Согласно ВТОРОМУ ПРИНЦИПУ военной неостратегии, принципу телетропизма, микроармия была одной огромной (плывущей по морю или рекам либо летающей) совокупностью самособирающихся элементов. К цели, избранной на основании тактических или стратегических соображений, она направлялась в полном рассредоточении с нескольких сторон сразу, чтобы лишь ПЕРЕД САМОЙ ЦЕЛЬЮ СЛИТЬСЯ в заранее запрограммированное целое. Таким образом, боевые устройства выходили с заводов не в окончательном виде, готовые к боевым действиям наподобие погруженных на железнодорожные платформы танков или орудий, но словно микроскопические кирпичики, способные сплотиться в боевую машину на месте назначения. Поэтому такие армии называли самосборными. Простейшим примером было саморассредоточивающееся атомное оружие. Ракету (ICBM, IRM[39]), запущенную с земли, надводного корабля или подводной лодки, можно уничтожить из космоса спутниковым лазером. Но невозможно уничтожить подобным образом гигантские тучи микрочастиц, несущие уран или плутоний, который лишь у самой цели сольется в критическую массу, а до тех пор находится в крайне дисперсном состоянии и неотличим от тумана или тучи пыли.

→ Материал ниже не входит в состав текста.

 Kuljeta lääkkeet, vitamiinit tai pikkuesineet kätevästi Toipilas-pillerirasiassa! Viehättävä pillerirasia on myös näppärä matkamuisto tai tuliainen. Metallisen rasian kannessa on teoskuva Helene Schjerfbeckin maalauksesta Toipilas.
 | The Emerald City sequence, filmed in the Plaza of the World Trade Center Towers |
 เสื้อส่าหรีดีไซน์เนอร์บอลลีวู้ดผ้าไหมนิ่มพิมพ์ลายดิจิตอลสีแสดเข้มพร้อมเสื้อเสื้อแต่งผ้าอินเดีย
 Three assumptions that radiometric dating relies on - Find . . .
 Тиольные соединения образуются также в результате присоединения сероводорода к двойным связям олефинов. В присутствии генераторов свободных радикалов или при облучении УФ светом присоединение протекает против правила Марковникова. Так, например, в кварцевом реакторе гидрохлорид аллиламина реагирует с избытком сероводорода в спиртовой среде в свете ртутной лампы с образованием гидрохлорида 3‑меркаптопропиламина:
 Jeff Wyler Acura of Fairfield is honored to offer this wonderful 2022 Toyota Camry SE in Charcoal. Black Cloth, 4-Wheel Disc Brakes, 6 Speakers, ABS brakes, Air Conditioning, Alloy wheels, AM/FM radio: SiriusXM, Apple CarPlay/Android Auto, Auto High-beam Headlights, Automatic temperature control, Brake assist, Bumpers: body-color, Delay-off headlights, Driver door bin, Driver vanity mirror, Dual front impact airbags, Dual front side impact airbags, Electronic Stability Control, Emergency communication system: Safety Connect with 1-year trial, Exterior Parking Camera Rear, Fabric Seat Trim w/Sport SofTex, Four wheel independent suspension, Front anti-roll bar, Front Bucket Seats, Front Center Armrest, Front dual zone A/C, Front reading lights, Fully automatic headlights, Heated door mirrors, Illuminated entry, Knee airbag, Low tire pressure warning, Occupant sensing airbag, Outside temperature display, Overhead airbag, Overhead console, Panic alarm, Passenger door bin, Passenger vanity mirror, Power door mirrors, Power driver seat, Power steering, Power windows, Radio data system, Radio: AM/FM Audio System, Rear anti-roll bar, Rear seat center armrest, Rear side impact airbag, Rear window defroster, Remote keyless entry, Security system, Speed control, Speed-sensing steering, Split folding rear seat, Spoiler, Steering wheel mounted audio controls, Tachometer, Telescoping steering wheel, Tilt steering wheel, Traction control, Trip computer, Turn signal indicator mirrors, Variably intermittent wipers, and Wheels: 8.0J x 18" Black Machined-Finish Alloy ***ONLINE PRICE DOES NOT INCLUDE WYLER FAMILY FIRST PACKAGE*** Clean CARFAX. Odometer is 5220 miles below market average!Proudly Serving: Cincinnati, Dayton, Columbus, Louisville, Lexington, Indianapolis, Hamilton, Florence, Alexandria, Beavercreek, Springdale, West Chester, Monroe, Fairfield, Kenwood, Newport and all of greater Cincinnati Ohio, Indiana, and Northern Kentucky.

Поначалу старые типы оружия сосуществовали с новыми, но тяжелое, громоздкое броневооружение пало под натиском микроармий столь же быстро, сколь и бесповоротно. Как микробы незаметно проникают в организм животного, чтобы убить его изнутри, так неживые, искусственные микробы, согласно приданным им тропизмам, проникали в дула орудий, зарядные камеры, моторы танков и самолетов, каталитически прогрызали насквозь броню или же, добравшись до горючего и пороховых зарядов, взрывали их. Да и что мог поделать самый храбрый и опытный солдат, обвешанный гранатами, вооруженный автоматом, ракетометом и прочим огнестрельным оружием, с микроскопическим и мертвым противником? Не больше, чем врач, который решил бы сражаться с микробами холеры или чумы при помощи молотка либо револьвера.

Среди туч микрооружия, самонаводящегося на заданные цели, человек в мундире был беспомощен так же, как римский легионер со своим мечом и щитом под градом пуль. Людям пришлось покинуть поля сражений уже потому, что специальные виды биотропического микрооружия, уничтожающего все живое, убивали их в считанные секунды.

Уже в XX столетии тактика борьбы в сплоченном строю уступила место рассредоточению боевых сил. Маневренная война потребовала еще большего их рассредоточения, но линии фронтов, разделявшие своих и чужих, существовали по-прежнему. Теперь же эти разграничительные линии окончательно стерлись.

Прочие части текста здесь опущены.